Speaking during Saturday’s announcement, Mr Alnani mentioned how important it was to see tourism restored to Egypt. But with Egypt currently reeling from its worst terror attack in modern history, in which as many as 305 worshippers were killed in a gun-and-bomb attack on a mosque in North Sinai on 24 November, the coming season is expected to see a further drop in visitors.

The loss of Western tourism has greatly affected the ministry’s work, which in 2014, reported a 95 per cent drop in revenue from ticket sales, its main source of income. “If we have enough money then we have no problem,” said Mr Alnani, “but if not, we have to balance our expenses between maintaining monuments and making excavations.”

Archaeologists are restoring artefacts in hope of attracting museum visitors (AFP/Getty)

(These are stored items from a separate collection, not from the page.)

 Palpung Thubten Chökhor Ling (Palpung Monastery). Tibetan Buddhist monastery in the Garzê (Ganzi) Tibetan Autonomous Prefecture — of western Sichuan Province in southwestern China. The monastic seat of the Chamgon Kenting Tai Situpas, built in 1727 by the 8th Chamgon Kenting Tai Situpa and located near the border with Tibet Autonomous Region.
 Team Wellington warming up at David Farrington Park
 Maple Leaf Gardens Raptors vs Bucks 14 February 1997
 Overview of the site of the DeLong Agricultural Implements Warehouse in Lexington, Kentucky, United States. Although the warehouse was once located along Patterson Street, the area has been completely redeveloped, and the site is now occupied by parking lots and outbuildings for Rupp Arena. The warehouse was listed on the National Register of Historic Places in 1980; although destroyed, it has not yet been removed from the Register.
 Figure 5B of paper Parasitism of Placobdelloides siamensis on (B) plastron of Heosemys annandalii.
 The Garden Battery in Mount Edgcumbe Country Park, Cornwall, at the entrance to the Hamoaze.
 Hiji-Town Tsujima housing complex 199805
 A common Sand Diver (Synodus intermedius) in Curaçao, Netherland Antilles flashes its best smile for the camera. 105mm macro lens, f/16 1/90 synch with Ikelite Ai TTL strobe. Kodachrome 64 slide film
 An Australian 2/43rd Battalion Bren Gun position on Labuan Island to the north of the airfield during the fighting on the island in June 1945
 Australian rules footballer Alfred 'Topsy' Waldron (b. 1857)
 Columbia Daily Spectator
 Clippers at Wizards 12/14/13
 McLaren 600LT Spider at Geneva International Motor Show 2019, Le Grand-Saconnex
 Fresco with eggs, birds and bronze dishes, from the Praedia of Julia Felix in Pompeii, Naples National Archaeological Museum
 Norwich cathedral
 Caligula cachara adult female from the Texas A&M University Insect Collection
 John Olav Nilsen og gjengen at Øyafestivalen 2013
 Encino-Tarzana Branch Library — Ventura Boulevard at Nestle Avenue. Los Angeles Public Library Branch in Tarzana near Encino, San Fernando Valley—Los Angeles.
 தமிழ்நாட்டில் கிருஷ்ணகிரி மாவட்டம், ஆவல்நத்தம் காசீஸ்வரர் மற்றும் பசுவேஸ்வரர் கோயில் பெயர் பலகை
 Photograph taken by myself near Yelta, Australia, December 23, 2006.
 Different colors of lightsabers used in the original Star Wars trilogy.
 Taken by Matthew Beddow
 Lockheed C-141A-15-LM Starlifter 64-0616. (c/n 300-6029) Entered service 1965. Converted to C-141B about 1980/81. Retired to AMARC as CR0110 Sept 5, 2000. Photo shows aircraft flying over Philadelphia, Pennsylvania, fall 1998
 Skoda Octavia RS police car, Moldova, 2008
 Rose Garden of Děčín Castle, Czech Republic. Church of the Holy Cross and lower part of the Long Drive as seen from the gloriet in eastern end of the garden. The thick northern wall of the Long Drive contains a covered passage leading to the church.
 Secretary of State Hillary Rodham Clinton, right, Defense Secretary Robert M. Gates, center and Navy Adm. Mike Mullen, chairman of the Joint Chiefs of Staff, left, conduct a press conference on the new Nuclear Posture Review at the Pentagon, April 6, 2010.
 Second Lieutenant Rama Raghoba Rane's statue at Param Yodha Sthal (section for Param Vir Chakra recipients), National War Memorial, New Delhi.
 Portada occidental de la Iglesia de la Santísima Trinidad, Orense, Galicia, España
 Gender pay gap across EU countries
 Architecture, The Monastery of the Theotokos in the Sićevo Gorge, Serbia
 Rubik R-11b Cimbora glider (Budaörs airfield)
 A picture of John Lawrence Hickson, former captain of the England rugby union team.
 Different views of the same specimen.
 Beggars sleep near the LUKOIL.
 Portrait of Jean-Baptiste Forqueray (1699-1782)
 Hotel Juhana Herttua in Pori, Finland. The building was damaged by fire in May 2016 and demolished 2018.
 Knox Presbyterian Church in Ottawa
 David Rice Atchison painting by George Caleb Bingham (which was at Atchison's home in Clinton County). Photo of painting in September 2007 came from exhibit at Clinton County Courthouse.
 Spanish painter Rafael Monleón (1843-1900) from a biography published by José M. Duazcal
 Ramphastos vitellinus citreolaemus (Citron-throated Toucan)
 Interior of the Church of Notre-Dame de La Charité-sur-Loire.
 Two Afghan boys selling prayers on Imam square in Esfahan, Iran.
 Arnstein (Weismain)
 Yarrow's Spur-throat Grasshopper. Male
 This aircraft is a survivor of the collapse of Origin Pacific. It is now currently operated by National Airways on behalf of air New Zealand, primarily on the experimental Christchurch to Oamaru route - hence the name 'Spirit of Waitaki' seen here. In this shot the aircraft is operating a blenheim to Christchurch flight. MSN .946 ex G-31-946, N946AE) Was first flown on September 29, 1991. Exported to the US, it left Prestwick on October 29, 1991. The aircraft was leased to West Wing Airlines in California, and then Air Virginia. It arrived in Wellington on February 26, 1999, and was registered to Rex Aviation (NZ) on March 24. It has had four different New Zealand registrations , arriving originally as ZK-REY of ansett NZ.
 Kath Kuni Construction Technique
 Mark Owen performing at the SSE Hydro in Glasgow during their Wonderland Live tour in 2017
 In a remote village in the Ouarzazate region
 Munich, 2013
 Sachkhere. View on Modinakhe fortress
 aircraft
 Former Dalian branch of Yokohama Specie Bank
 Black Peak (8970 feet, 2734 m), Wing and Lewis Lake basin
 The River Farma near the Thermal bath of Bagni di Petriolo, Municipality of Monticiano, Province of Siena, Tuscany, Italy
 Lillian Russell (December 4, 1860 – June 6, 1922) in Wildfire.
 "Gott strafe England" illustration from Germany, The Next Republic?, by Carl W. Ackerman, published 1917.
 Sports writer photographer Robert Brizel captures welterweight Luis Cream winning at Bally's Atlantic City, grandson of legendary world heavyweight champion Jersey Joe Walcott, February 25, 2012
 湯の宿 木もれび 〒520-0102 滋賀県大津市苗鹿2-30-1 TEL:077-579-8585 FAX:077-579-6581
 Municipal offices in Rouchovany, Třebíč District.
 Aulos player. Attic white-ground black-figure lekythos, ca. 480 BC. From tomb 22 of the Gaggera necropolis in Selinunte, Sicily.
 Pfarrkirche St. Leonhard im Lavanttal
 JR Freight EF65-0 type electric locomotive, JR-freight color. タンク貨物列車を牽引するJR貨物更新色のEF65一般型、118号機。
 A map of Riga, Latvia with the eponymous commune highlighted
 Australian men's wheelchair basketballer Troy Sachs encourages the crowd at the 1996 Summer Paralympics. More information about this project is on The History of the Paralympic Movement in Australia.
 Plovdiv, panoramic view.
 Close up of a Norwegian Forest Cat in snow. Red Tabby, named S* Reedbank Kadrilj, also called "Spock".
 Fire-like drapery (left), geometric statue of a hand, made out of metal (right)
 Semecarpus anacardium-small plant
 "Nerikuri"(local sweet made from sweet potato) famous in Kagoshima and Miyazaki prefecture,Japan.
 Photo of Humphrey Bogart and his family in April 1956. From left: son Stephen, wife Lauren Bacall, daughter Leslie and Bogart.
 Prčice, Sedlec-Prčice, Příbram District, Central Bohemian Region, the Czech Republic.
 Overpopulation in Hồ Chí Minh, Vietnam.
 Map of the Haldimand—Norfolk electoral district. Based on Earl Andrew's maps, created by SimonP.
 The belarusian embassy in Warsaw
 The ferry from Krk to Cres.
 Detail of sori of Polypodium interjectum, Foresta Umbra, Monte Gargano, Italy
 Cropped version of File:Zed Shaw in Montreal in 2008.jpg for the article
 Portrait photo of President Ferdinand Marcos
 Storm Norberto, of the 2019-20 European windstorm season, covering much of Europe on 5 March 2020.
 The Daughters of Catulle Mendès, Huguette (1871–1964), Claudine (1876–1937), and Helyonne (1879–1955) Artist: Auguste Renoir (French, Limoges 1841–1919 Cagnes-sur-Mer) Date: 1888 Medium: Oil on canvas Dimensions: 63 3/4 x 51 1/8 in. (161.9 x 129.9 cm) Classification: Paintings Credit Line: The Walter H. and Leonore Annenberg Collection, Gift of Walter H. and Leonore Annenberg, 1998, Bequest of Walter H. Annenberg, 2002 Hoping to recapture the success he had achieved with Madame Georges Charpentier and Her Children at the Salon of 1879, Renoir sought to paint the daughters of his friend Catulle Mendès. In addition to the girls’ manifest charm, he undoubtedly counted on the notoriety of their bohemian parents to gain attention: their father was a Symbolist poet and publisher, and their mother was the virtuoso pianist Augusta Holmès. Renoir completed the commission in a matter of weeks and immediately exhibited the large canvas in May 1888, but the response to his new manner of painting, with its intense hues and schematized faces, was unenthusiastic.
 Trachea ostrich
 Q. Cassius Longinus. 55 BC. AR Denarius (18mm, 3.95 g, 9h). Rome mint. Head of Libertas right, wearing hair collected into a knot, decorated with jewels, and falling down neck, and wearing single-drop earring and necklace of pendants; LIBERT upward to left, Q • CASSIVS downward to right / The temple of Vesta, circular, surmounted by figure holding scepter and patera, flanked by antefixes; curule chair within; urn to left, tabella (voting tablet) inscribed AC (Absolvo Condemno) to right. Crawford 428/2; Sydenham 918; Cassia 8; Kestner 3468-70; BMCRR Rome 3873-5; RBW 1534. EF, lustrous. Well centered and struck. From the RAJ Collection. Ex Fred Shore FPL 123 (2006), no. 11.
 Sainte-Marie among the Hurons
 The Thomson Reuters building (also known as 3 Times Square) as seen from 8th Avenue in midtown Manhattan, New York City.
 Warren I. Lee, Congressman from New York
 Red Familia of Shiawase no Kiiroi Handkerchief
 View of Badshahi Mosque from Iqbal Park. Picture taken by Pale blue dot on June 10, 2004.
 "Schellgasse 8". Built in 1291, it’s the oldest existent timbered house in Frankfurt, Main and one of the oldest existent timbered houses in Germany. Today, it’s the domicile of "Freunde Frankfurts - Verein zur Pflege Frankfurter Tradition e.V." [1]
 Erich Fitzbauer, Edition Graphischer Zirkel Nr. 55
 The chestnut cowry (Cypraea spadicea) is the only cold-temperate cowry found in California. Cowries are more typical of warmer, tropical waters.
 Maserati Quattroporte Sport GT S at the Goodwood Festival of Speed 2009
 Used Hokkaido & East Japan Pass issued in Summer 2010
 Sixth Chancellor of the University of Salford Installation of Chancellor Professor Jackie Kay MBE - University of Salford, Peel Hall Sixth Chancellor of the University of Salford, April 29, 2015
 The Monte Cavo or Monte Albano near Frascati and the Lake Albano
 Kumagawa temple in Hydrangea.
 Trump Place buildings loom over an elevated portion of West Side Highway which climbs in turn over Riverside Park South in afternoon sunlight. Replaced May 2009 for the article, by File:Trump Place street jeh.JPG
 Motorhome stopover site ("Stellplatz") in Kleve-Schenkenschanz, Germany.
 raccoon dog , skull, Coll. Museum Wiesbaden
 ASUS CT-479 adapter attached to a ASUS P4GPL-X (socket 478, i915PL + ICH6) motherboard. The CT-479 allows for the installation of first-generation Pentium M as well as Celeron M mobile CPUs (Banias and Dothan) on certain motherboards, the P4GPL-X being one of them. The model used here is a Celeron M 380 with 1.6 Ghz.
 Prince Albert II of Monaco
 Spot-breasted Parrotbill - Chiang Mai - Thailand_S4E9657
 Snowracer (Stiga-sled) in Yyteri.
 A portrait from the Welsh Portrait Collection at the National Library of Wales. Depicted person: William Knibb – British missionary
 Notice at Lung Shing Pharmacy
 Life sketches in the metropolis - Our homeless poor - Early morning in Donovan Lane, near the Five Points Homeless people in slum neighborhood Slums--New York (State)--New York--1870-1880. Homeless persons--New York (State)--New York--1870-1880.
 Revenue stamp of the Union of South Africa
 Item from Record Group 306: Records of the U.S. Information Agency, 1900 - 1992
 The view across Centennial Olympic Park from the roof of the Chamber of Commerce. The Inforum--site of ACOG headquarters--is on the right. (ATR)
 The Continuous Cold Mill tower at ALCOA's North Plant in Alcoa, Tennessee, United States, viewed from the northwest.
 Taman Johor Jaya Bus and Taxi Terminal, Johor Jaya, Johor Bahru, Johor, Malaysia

With some of the world’s largest ancient monuments to maintain, Mr Alnani is under pressure to make up this shortfall. According to Mr Hawass, the ministry can spend up to 1.3 billion Egyptian pounds (£54.6m) a year on maintenance of monuments alone. In addition, the Grand Egyptian Museum, under construction near the Great Pyramids, is estimated to cost over $1bn (£750m), millions more than its original budget.

But according to Mr Waziry, there are other projects in the pipeline. He maintains that no other new discoveries have yet been made, but that he believes they are about to uncover a new tomb in Draa Abou Naga “within weeks”. “What you see above ground is not more than 40 per cent of Ancient Egypt,” he said. “If you start digging anywhere, you’re going to find a lot.”